La Vida Común

“Mirando a las primeras hermanas que el Bienaventurado Domingo estableció en el Monasterio de Prulla, en el centro de su “Santa Predicación”, las monjas, viviendo unánimes en casa, imitan a Jesús, que se retiraba al desierto para orar. De esta forma son un signo de la Jerusalén celeste que los frailes construyen con su predicación. Efectivamente, las hermanas en la clausura se consagran completamente a Dios, y, al mismo tiempo, perpetúan el carisma especial que el Bienaventurado Padre Domingo tuvo para con los pecadores, los pobres y los afligidos, llevándolos en el sagrario íntimo de su compasión” (Libro de las Constituciones de las Monjas Dominicas 35, I; Libellus de Jordán de Sajonia, 12).

dominicViviendo el carisma particular de Santo Domingo, en el corazón de la Iglesia, las monjas descubren que la contemplación dominicana está siempre impregnada de esta dimensión apostólica, porque el Dios que Domingo encuentra en el santuario íntimo de su compasión, es el Padre de misericordia y el Dios de compasión.

Vivir en la clausura la vida contemplativa dominicana y dedicarse completamente a Dios en el silencio, la penitencia, la oración y el amor mutuo, nunca podrá significar separarse completamente del mundo, porque comportaría descuidar la otra dimensión que honra la contemplación verdaderamente dominicana: “perpetuando aquella gracia singular que tenía el Bienaventurado Padre por los pecadores, los pobres y los afligidos, que llevaba siempre en el santuario íntimo de su compasión”.

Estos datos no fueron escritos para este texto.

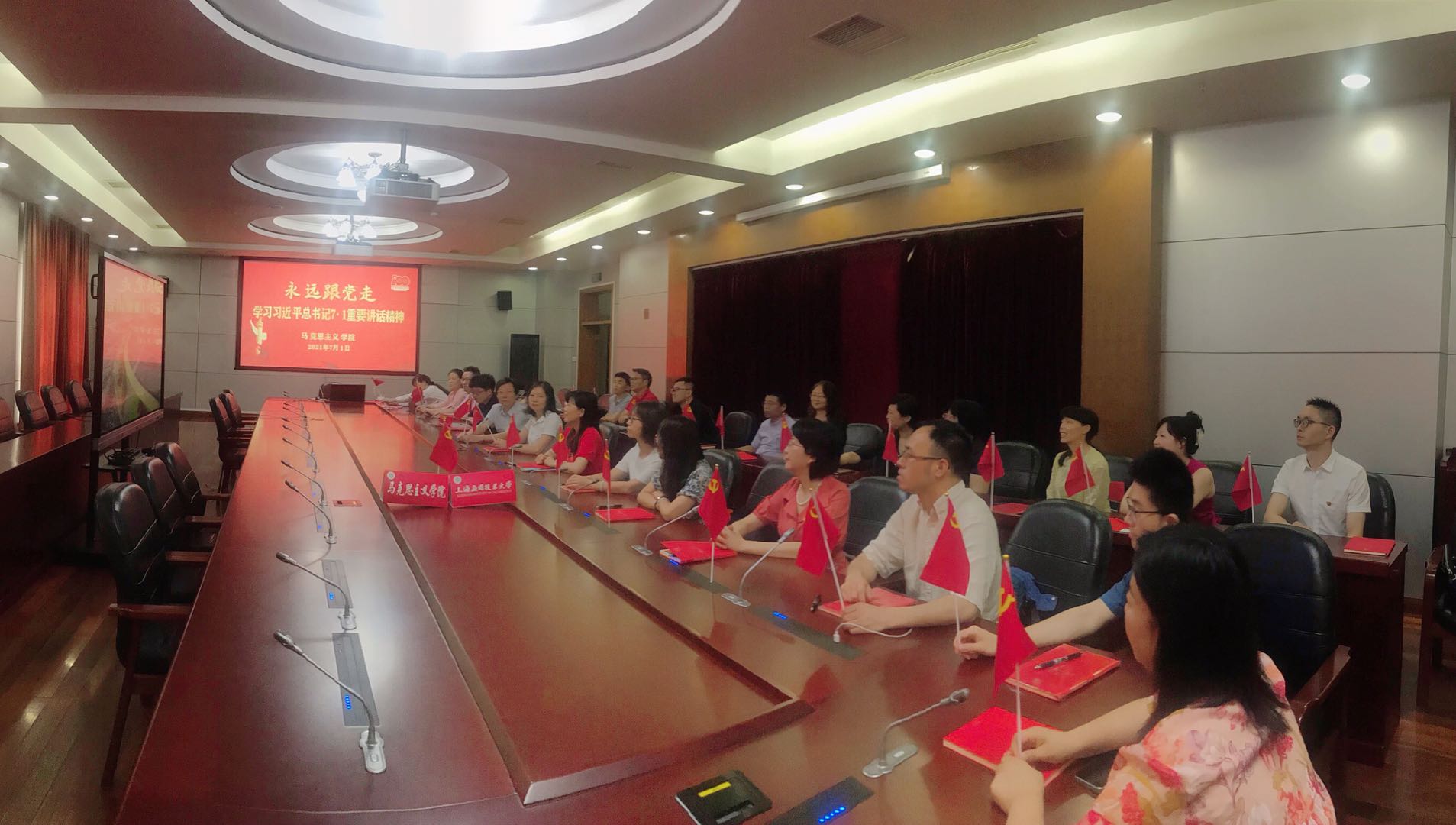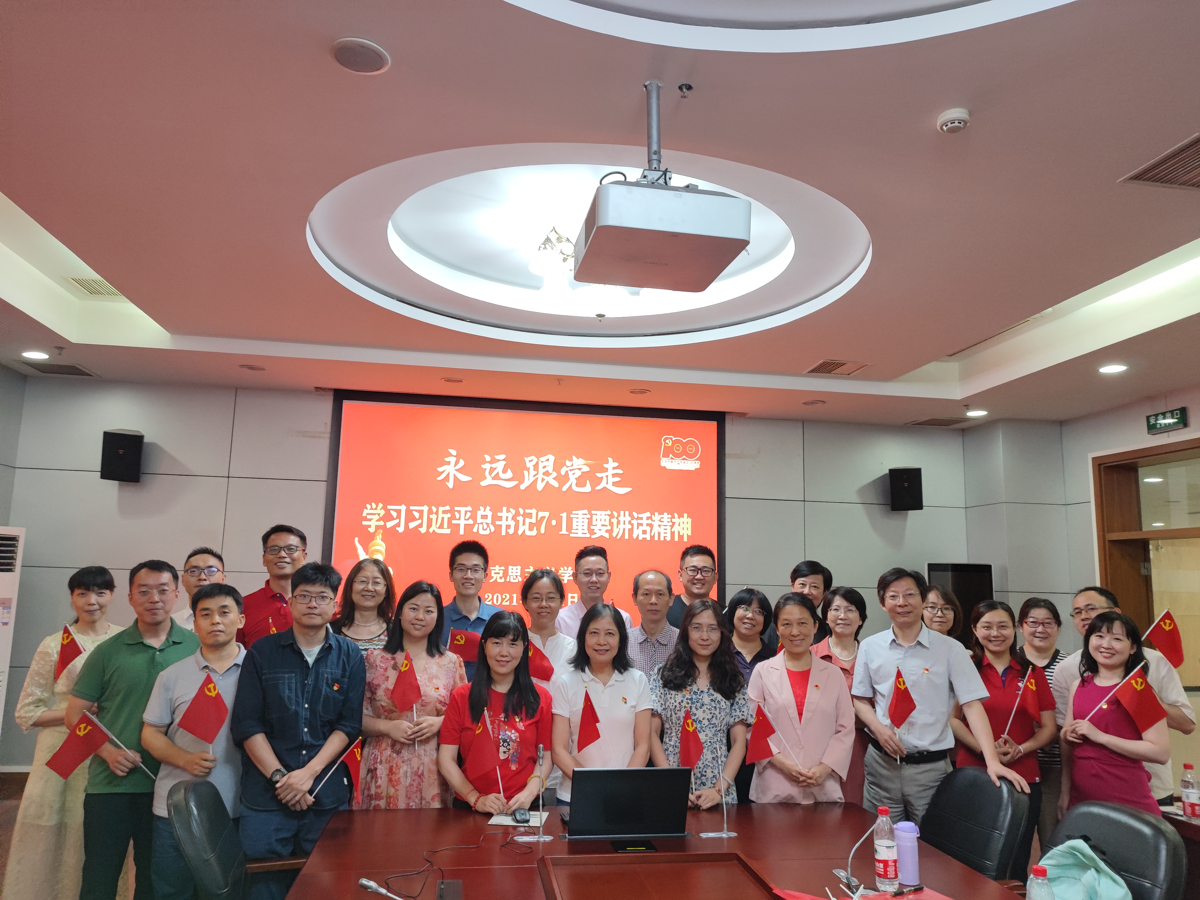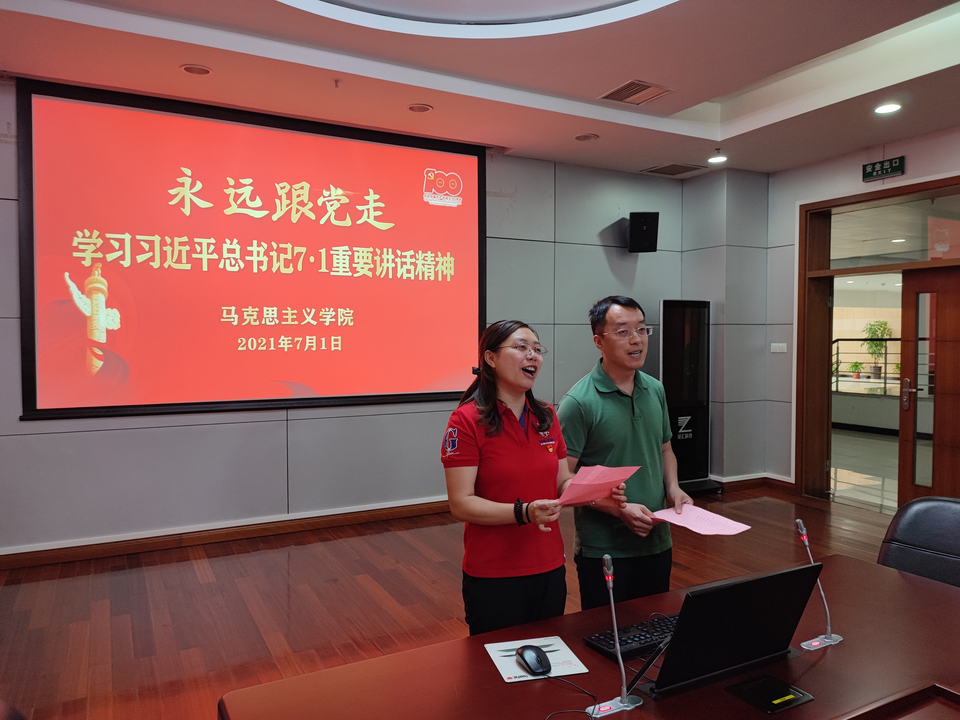 7月1日上午,马克思主义学院在徐汇校区图书馆117会议室集体学习近平总书记在庆祝中国共产党成立100周年大会上的讲话精神。马克思主义学院党政领导班子及教师出席。随后,与会教师通过重温入党誓词仪式、朗诵红色诗歌《党啊,齐爱的妈妈》、合唱红色歌曲《唱支山歌给党听》等丰富多彩的活动,共同庆祝中国共产党成立100周年。

Vivir la contemplación dominicana con el celo apostólico de Nuestro Padre Santo Domingo, encuentra su más profunda expresión en estas palabras: “Llevaba el sufrimiento de los pobres en el santuario íntimo de su compasión”.

Con su vida, tanto los frailes como las monjas, intentan lograr, hacia Dios y hacia el prójimo, una perfecta caridad, eficaz para procurar la salvación de los hombres, persuadidos que serán verdaderamente miembros de Cristo solo cuando se dediquen completamente a la salvación de las almas, a ejemplo del Salvador de todos, el Señor Jesucristo, que se ofreció a sí mismo por nuestra salvación. Hay diversidad de dones, pero uno solo es el Espíritu, una la caridad, una la misericordia. Es propio de los frailes, de las hermanas y de los laicos de la Orden “predicar por el mundo el nombre de nuestro Señor Jesucristo” (Honorio III); mientras las monjas lo buscan, invocándolo en lo escondido, para que la Palabra que sale de la boca de Dios, no vuelva a él vacía, sino que dé fruto en aquellos a quienes ha sido enviada (cfr. Is 55, 10)” (LCM 1, II).

“Por tanto, toda la vida de las monjas se ordena a conservar concordemente el recuerdo de Dios. En la celebración de la Eucaristía y del Oficio Divino, en la lectura y meditación de los libros sagrados, en la oración privada, en las vigilias y en toda su intercesión, procuren sentir lo mismo que Cristo Jesús. En la quietud y en el silencio, busquen asiduamente el rostro del Señor y no dejen de interpelar al Dios de nuestra salvación para que todos los hombres se salven. Den gracias a Dios Padre que las llamó de las tinieblas a su luz admirable. Fijen en su corazón a Cristo, que por todos nosotros fue fijado en la Cruz. Practicando todo esto son realmente monjas de la Orden de Predicadores” (LCM 74, 4).